CN1329567C - Continuous carbon fibre graphitizing method and apparatus - Google Patents

Abstract

The present invention relates to a method and a device of continuous graphitization for a carbon fiber, and the present invention uses a plasma torch heating technique. The carbon fiber is partially heated with a high temperature of 2000 to 3000 DEG C to generate graphitization by using the plasma heating technology; the temperature and the temperature distribution of the plasma torch are controlled by output power of a control power source and load air volume. The temperature is measured by infrared, and the drafting uses a differential retracting wire device. The present invention has the advantages of novel method, simple operation and low energy consumption, and is an operable method of the continuous graphitization for the carbon fiber.

Description

A method and device for continuous graphitization of carbon fibers

technical field

The invention belongs to a method and a device for continuous graphitization of carbon fibers, in particular to a process and a device for continuous graphitization of carbon fibers by using a plasma torch.

technical background

Carbon fiber and graphite fiber are mainly used as the most important reinforcement materials of advanced structural composite materials, and are widely used in spacecraft, aerospace vehicles, satellites, military industry and high-end sporting goods.

Graphite fiber is made by graphitizing carbon fiber at 2000°C-3000°C under the protection of inert gas. The tensile modulus of carbon fiber can be greatly improved through graphitization. At present, the industrialized production of high-performance graphite fibers and the formation of series products are Japan and the United States. my country's graphite fiber is still in the development stage, and the level is far behind that of foreign countries.

The key factors affecting the graphitization of carbon fiber are high-temperature equipment and high-temperature heat treatment technology. Among them, the high-temperature equipment graphitization furnace is particularly critical. Ultra-high temperature and stable temperature distribution are the basis for preparing high-performance graphite fibers.

Carbon fiber graphitization using plasma technology is a new research field. Plasma is a non-condensed system composed of a large number of charged particles, which is produced by ionization of gas under heating or strong electromagnetic field. , Molecules, active free radicals and rays.

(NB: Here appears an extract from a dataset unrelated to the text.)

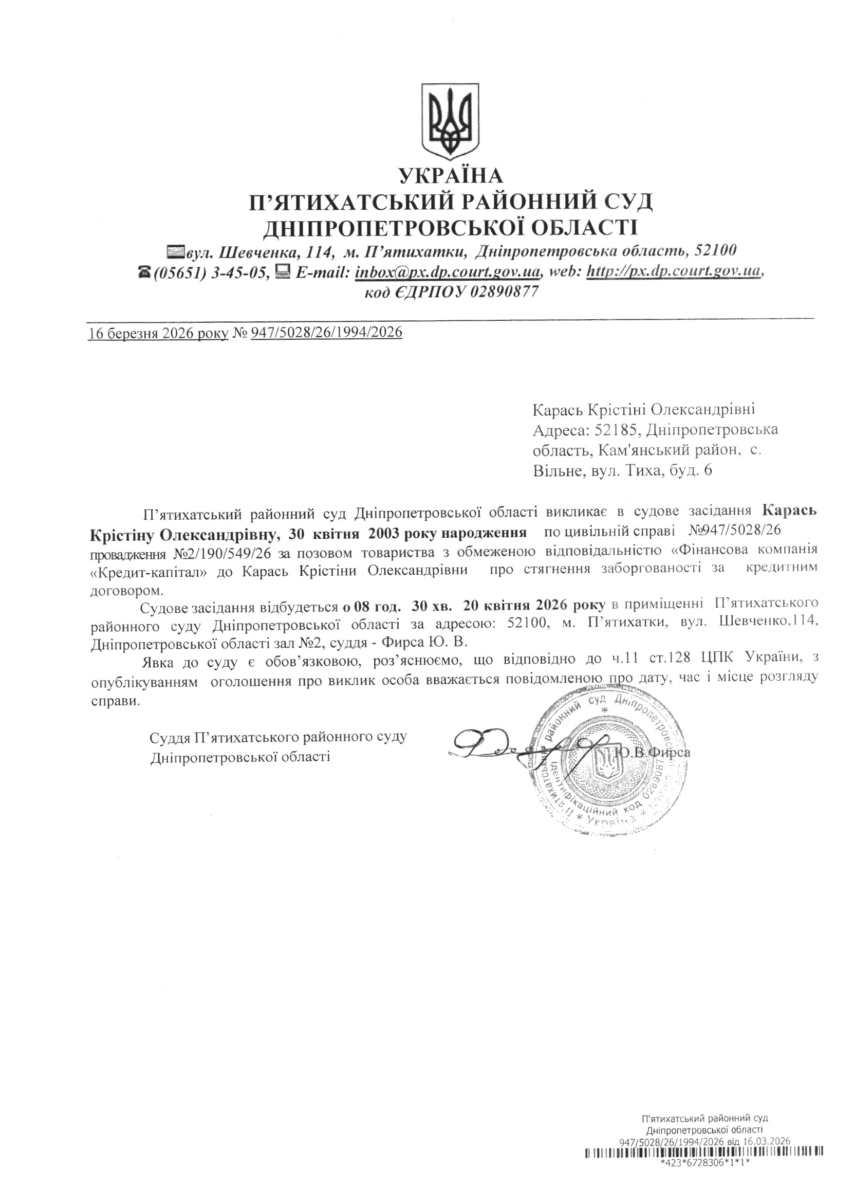 Про виклик в судове засідання Карась Крістіна Олександрівна

At present, it has been reported that the use of plasma technology for graphitization research is a device for continuous graphitization heat treatment of carbon fibers using high-temperature thermal plasma invented by Japanese Murai (Patent Gazette: Zhao 59-38323). Discharge under a high-frequency electric field, in the presence of inert gases helium and nitrogen, generate a high-frequency heating plasma source, by adjusting the current and the flow rate of the mixed gas to obtain the temperature and temperature distribution suitable for carbon fiber graphitization, the entire graphitization device is set In a closed vacuum container, vacuum replacement is carried out by a vacuum pump, exhaust gas is continuously removed and inert gas helium and nitrogen are injected, and the carbon fibers in the closed container are continuously graphitized at a high temperature of about 3000°C to form graphite fibers.

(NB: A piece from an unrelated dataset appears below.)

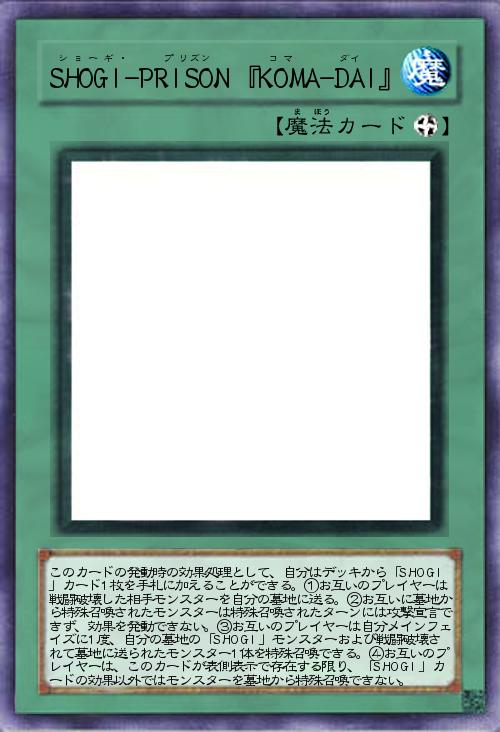 | このカードの発動時の効果処理として、自分はデッキから「SHOGI」カード1枚を手札に加えることができる。①お互いのプレイヤーは戦闘破壊した相手モンスターを自分の墓地に送る。②お互いに墓地から特殊召喚されたモンスターは特殊召喚されたターンには攻撃宣言できず、効果を発動できない。③お互いのプレイヤーは自分メインフェイズに1度、自分の墓地の「SHOGI」モンスターおよび戦闘破壊されて墓地に送られたモンスター1体を特殊召喚できる。④お互いのプレイヤーは、このカードが表側表示で存在する限り、「SHOGI」カードの効果以外ではモンスターを墓地から特殊召喚できない。 | |||

Continuous graphitization of carbon fibers can also be carried out by using DC arc plasma (CN1399017A, CN1399016A). The device uses the inert gas argon as the working medium, and applies a 30-200A direct current between the two electrodes under a pressure of 0.3-0.5Mpa to generate a continuous high-temperature arc plasma through discharge, and passes the carbon fiber through the plasma at 2500°C- Graphitization is carried out in the local high temperature region of 3500°C.

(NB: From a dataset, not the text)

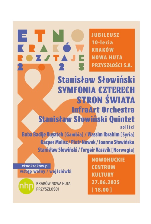 W ramach EtnoKraków/Rozstaje 2025 i na okoliczność jubileuszu 10-lecia działalności spółki: „Kraków Nowa Huta Przyszłości S.A.” na festiwalową scenę powraca Symfonia czterech stron świata Stanisława Słowińskiego.

The technology of carbonization and graphitization of carbon fiber using microwave plasma technology and electromagnetic radiation (US6372192B1) uses a microwave generator with a frequency of 2.45GHz and a power of 6KW to generate plasma by microwave discharge. The plasma is in a non-equilibrium state and gaseous atoms At room temperature, electrons have a very high temperature and have enough energy to graphitize the fiber. In this device, carbon fiber is placed in a vacuum quartz tube and placed in a plasma and electromagnetic radiation field. Through the coupling of plasma and electromagnetic radiation, the electromagnetic energy is utilized by the fiber, resulting in a large amount of energy acting on the fiber and causing the carbon fiber to generate graphite. and then increase the degree of carbonization and graphitization of carbon fibers by gradually increasing the electric power.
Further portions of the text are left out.